I’m Katie Thornton and this is the Divided Dial - a five-part podcast series from On the Media about how one side of the political spectrum came to dominate talk radio — and how one company is using the airwaves to launch a right wing media empire.
By the early ‘80s, the right had staked out their place in the media ecosystem - despite repeated claims of censorship and liberal bias. But the airwaves still hosted a diversity of voices and there were policies in place to keep it that way. In this episode... how the last four decades saw the undoing of that arrangement..
Clickclickclickclick
Mike Mallace: I’m Mike Wallace.
Safer: I’m Morley Safer.
Sawyer: I’m Diane Sawyer… Tonight on 60 Minutes…

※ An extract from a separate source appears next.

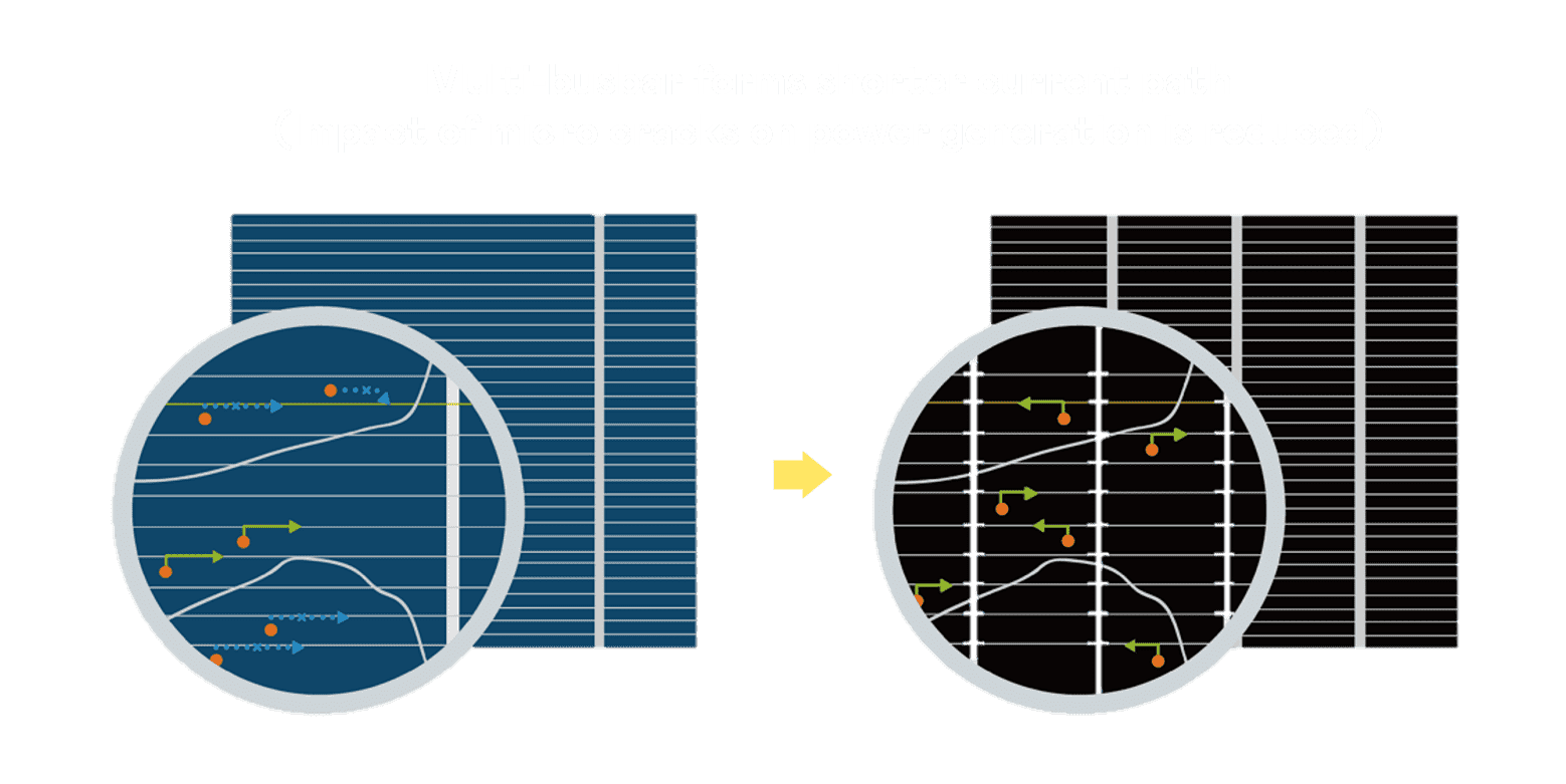 优化的太阳能电池结构设计,,,不仅提高电流收集效率,,,,降低电池隐裂,,,,使太阳能模组长期维持稳定的输出效能,,,,提高营运效益。。。

Morley Safer: Talk is the most popular kind of radio today, at least on AM… More popular than country and western and rock and roll. More popular than any of the forms and formats stations put together to get the ratings to make the money.

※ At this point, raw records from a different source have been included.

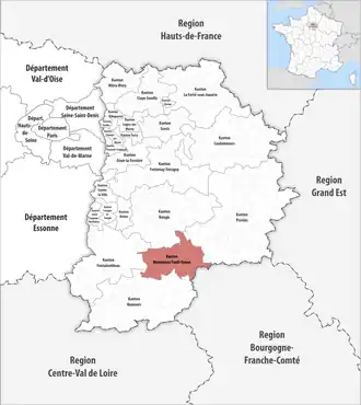 ![]() Lage des Kantons Montereau-Fault-Yonne im Département Seine-et-Marne | |
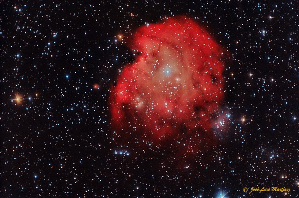 La imagen siguiente, realizada desde Querol el día 1 de enero de 2022 con un telescopio reflector Skywatcher 200/1000 y una cámara Canon EOS 550D, es de esta nebulosa. Con un poco de imaginación se puede intuir el apodo de cabeza de mono que se le ha puesto.
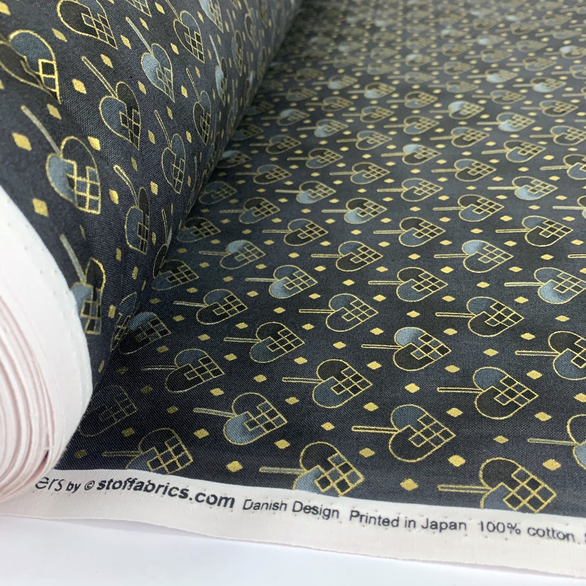 Designed in Denmark and printed in Japan. Superb quality Stof Japanese craft cotton with a print of gold diamonds and hearts on a black ground.

In the 1970s, talk and public affairs shows exploded. In part because of the FCC’s “public interest moment,” which encouraged stations to better reflect what their audience wanted to hear. But also because of a great technological leap.
Steely Dan, “FM”: [Fade up] // No static at all // No static, no static at all // FM (No static at all)
“No static at all.” That was the promise of FM radio. The year this Steely Dan song came out, 1978, the FM band beat AM in listeners for the first time.
1960s RCA RADIO INFOMERCIAL: (0:14): The difference in reception will leap to the ear…
With AM, or “amplitude modulation” radio, there was always sort of an ambient hum. Lots of interference. Like looking through a dirty window. But with FM, or “frequency modulation,” sound was encoded into radio signals differently. And compared to AM’s muck, it was freshly shined glass.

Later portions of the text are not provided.